CODEWITHSUNDEEP
pythonpython-2.7listsortinglambda
blaufer
blaufer

Reputation: 119

Sorting a list of lists when not all the values exist

I am attempting to sort a list of lists but the inner lists have different lengths. For example:

version_list = [[1, 1, 2], [1, 0], [1, 3, 3], [1, 0, 12], [1, 0, 2], [2, 0, 0], [1, 1, 1]]
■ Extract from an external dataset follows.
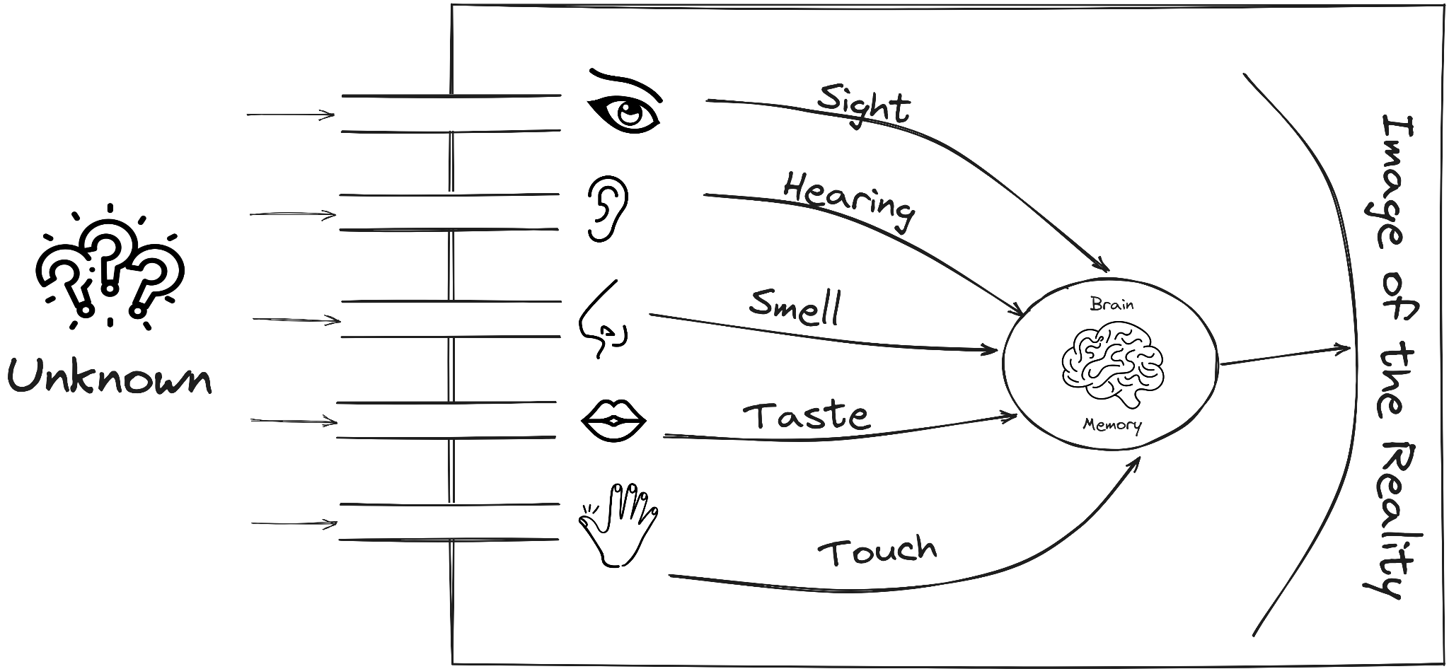 We can see that with a radio receiver, which receives all the signals in the world, the receiver does not create the sounds. Rather, the sound exists in the world, but before we had the receiving device, we did not detect the sounds although they did exist in reality.
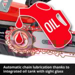 • Komfortable Bedienung: Profitieren Sie von automatischer Kettenschmierung sowie werkzeuglosem Kettenspannen und -wechsel für reibungsloses Arbeiten.

In the cases where there is no third value, it can be assumed to be 0. I have attempted to use:

revision = sorted(version_list, key=lambda x: (x[2] if x[2] >= 0 else x[2] = 0))

since I know that

revision = sorted(version_list, key=lambda x: x[1])
revision = sorted(version_list, key=lambda x: x[0])

both work otherwise.

The desired result would be:

[[1, 0], [1, 0, 2], [1, 0, 12], [1, 1, 1], [1, 1, 2], [1, 3, 3], [2, 0, 0]]

Any help or suggestions would be very much appreciated.

Upvotes: 1

Views: 149

Answers (3)

dr_dronych
dr_dronych

Reputation: 91

In support of Allen's answer, Python's sorted() built-in function works using the Timsort algorithm under the hood which does exactly what you want it to do: put the elements with less sub-elements in each first, e.g. [1, 0] is placed before [1, 0, 5].

Upvotes: 0

Allen Qin
Allen Qin

Reputation: 19957

Is this what you are after? Is seems by default sorted will do exactly what you need.

sorted(version_list)
Out[103]: [[1, 0], [1, 0, 2], [1, 0, 12], [1, 1, 1], [1, 1, 2], [1, 3, 3], [2, 0, 0]]

Upvotes: 0

MSeifert
MSeifert

Reputation: 152715

You can return a tuple in your key where the third value depends on the length of the sublist (using 0 if the sublist isn't length 3):

>>> sorted(version_list, key=lambda x: (x[0], x[1], x[2] if len(x) == 3 else 0))
[[1, 0], [1, 0, 2], [1, 0, 12], [1, 1, 1], [1, 1, 2], [1, 3, 3], [2, 0, 0]]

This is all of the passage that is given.